Monday, July 27, 2015

Electricity Substation 210, Coorparoo

Electricity is one of those ubiquitous utilities that we just expect to be available 24/7. Lucky us - there are many places in the world where this is not the case.

Apart from the very occasional blackout, usually the result of an electrical storm (of which there are many in a Brisbane summer), most of us just take the service for granted. Of course it wasn't always so - electricity came slowly and intermittently to Brisbane street lights and houses. The tram service also became a reason for electric power to be expanded from its central city beginnings.

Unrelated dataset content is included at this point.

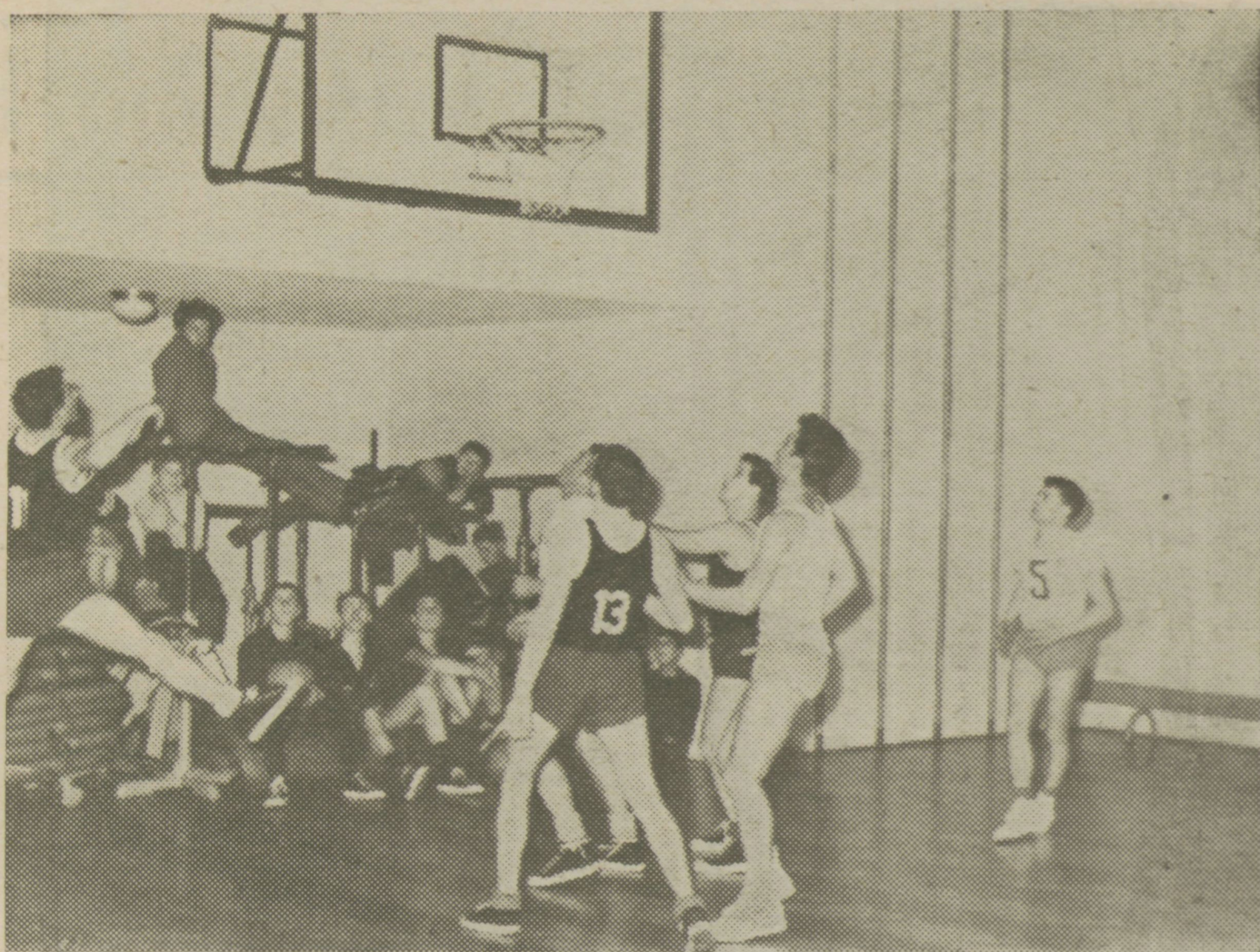
Prizor s tekme Lesonit—Sežana, dne 23. februarja 1966

Na svidenje 27. aprila na košarkarskem igrišču!

Brisbane's first street lights were operational in 1882 as the result of steam power generated by a steam engine provided by JW Sutton & Co in Adelaide St. Then in 1888 another company, Barton & White, constructed a powerhouse in Edison Lane at the rear of the GPO.

Electric trams came into service in 1897, and powering these vehicles meant the construction of new and bigger powerhouses. From these infant steps evolved the efficient electricity service we take for granted today.

Over Coorparoo way is an electricity substation that is actually listed on Queensland's heritage register, and deservedly so too. It is this Spanish Mission designed structure built in 1930 to plans by Reyburn Jameson, BCC assistant architect of the time. 
(from Courier-Mail 12 May 1930 via

Here are a couple of photographs of it.
(Photo: Heritage Branch staff, Queensland Government)

(Photo: © 2015 the foto fanatic)

The substation is situated on Main Ave near the bowls club. It hasn't operated since 1977 or thereabouts as larger, more modern substations have taken over the ever increasing load. Fortunately for us it has been preserved as a remnant of a time when public utilities could be beautiful as well as practical.